Sunday, June 5, 2011

Fighting AIDS and drug use in Bangladesh

Fighting AIDS and drug use in Bangladesh, one needle at a time

UNICEF Image: Bangladesh fighting AIDS
© UNICEF/2006/Nettleton
Mosammat Sabera Yasmin, an influential peer educator in Bangladesh, shares her own family's problems with drugs to help raise community awareness of HIV and AIDS.
By Steve Nettleton
RAJSHAHI, Bangladesh, 25 August 2006 – Carrying a large umbrella to shield herself from the hot sun, Mosammat Sabera Yasmin walks along a narrow alley in a poor neighbourhood in this western Bangladeshi city.
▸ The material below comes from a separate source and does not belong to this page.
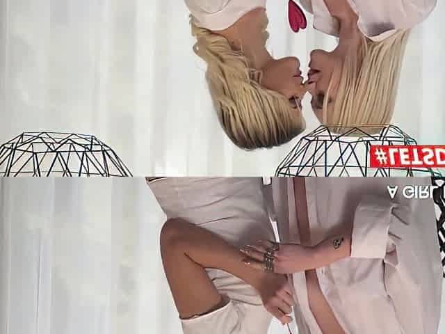 LezKiss Young and beautiful lesbian couple kiss and undress each other

The young woman is visiting the house of a heroin addict who has just returned from rehab.
The recovering man’s wife prepares food as Ms. Yasmin checks on how the family is coping and talks about how to reduce the risk of getting infected with HIV, which has been spreading among injecting drug users in this area.
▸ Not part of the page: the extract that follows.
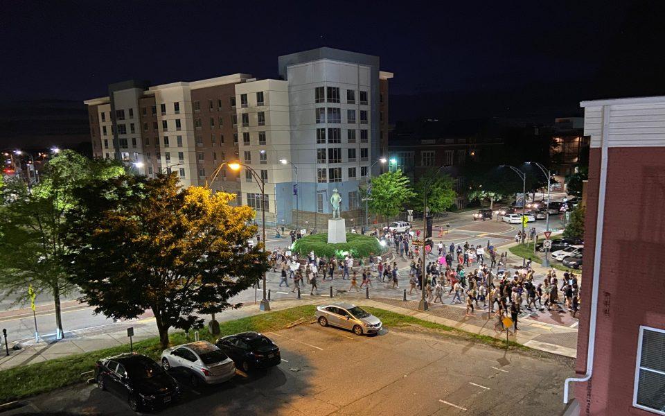 I was out there because earlier in the day, I had been moved to tears by Associate Editor Sayaka Matsuoka’s live footage of the earlier protest, the one that marched down Gate City Boulevard and shut down Interstate 40 while Greensboro Police held traffic so no one got hurt. I was bringing her a phone charger so she could continue her coverage, but somehow ended up out there myself.

She knows firsthand what it’s like to live in this kind of family. Her own parents’ involvement with drugs has tainted Ms. Yasmin with a social stigma.
“As my father was a victim of drug addiction, I had some idea of what really happens to such people – what problem the family has to face, how the children suffer, how it affects their social reputation,” she said. “So when I talk to people, I tell them that I also come from an affected family.”
Injecting drug users have few places to turn, and they are one of the groups most at risk of contracting and spreading HIV.
Rebuilding lives
Rickshaw driver Mohammad Dulal has been addicted to heroin for most of the last 13 years. His habit cost him his job and put an enormous strain on his family. Like most addicts, he often uses shared needles. He is trying to quit his habit at a rehab center in Rajshahi but says he cannot shake his cravings for the drug.
“In the past, if we found a drug user in our locality, we used to beat him up,” said Mr. Dulal. “But today I myself am taking drugs. I have to blame myself for this.”
A few blocks away, dozens of former drug users are hoping to see better success at a detox center run by the non-governmental organization PROVA. They will spend three months here, learning to regain their self-esteem and build the confidence to move on in life without drugs.
PROVA is one of about 90 NGOs getting support from the HIV/AIDS Prevention Project, a $12 million programme funded by the World Bank and the UK Department for International Development. UNICEF manages $5 million of this fund, directing NGOs to focus on prevention and awareness in high-risk groups, including injecting drug users, commercial sex workers and migrant workers.
Ignorance and stigma
Estimates of the number of people living with HIV/AIDS in Bangladesh range from 2,500 to 15,000, a wide gulf most likely resulting from the strong sense of shame Bangladeshi society attaches to the disease.
Peer educators like Ms. Yasmin are key to fighting ignorance and the stigma associated with HIV and AIDS here.
“I feel good that I can talk to people about the consequence of taking drugs and lead people towards the right path,” she said. “I asked people whether they wanted the same fate as my father. I told them that they should not suffer like him. Gradually, one after another began to realize the importance of our counselling.”